To add “Hello World” to the display, you’ll edit the file ViewController.xib. A .xib file, pronounced “zib,” is an XML representation of a NIB file. A NIB file, or .nib, is the binary predecessor to the .xib file. Being text based, a .xib file has the benefit of working better with version-control systems when compared to the earlier binary .nib version. That said, .xib files are still compiled down to .nib files when you build the application.

What is a NIB file? It is a file created by Interface Builder to archive interface objects and their relationships. Put another way, a NIB represents the objects that make up the visual display of a screen. You create and edit NIB files using IB, and your application uses the NIB files at run time to display the user interface of the app.

Begin by opening the file ViewController.xib, available in the Project navigator. This changes the contents of the Editor area. It displays the NIB file using the IB designer, as shown in Figure 1.8.

Figure 1.8

Figure 1.8. Adding “Hello World” to the main view of the app

IB has a set of available utilities for working with a NIB file. Press Control-Option-Command-3 to display the Object library. The Object library contains a list of visual and nonvisual components that are used to construct the user interface. In the filter bar at the bottom, type “Label” without the quotes. This will filter the object list, displaying only label-type objects.

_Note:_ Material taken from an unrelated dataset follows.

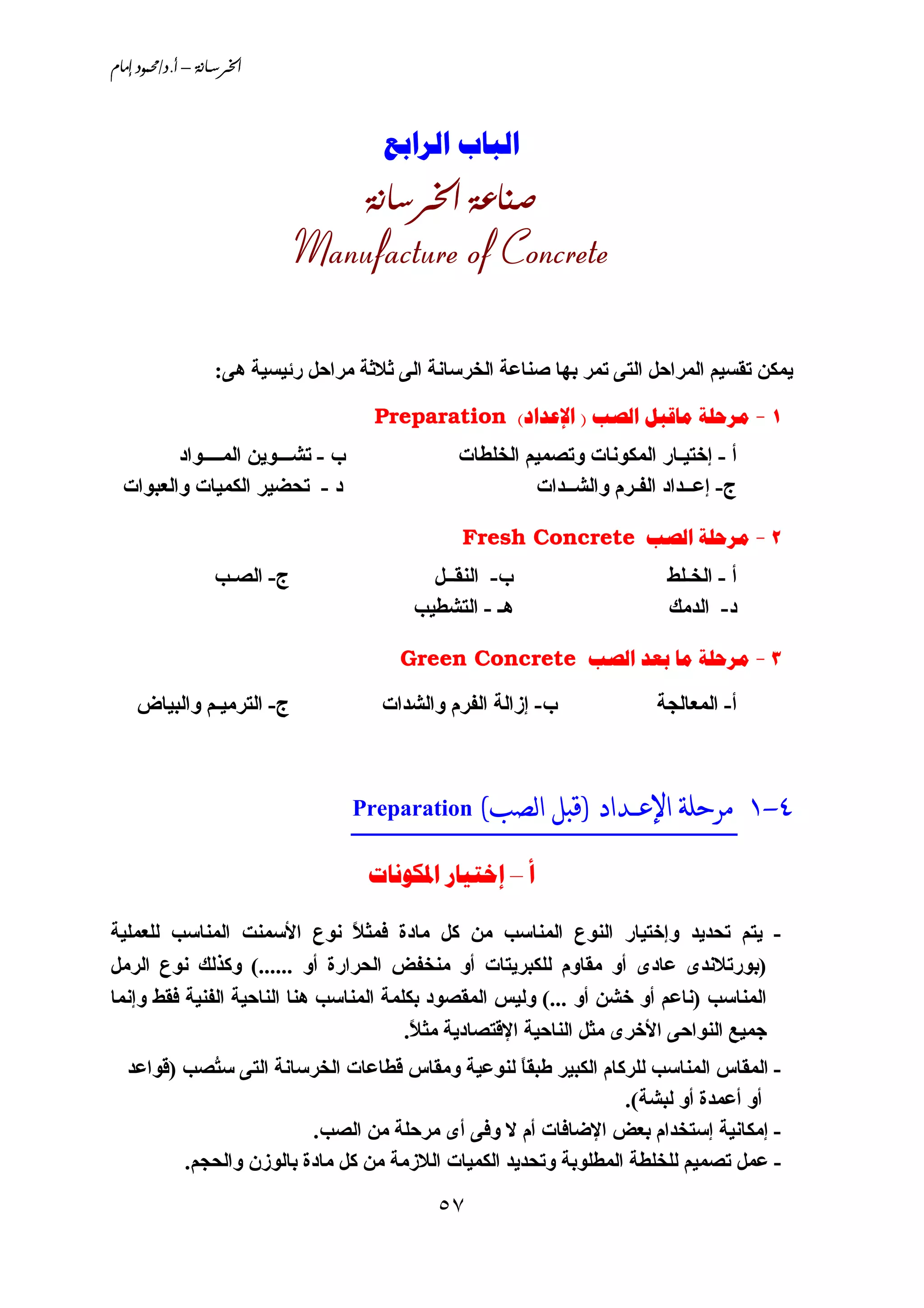 تستعرض الوثيقة مراحل صناعة الخرسانة التي تتضمن التحضير، الصب، والمعالجة، مشيرة إلى أهمية اختيار المواد المناسبة وطرق الخلط والنقل. تُفصّل الوثيقة أساليب التخزين والتعامل مع الخامات لضمان الجودة، بالإضافة إلى احتياطات السلامة أثناء عمليات الصب. كما تركز على توفير الظروف المثلى للخلطة، مثل الدقة في الأوزان والقياسات وتجنب درجات الحرارة العالية.

Drag and drop the label object onto the view’s canvas area. This creates a new UILabel instance, which is the type of object representing a label. Next, open the Attributes inspector (Option-Command-4). At the top of the Attributes inspector is a property named Text. Change the default value “Label” to “Hello World.” Xcode should now look similar to Figure 1.8.

You may need to resize the label to view the entire “Hello World” content. To resize it, move the mouse cursor to the right edge of the label object. The cursor will change to the resize indicator. Click and drag the mouse to the right to increase the width of the label.

Build and run the app in the iPad Simulator. Congratulations! You have written your first Hello World app for the iPad.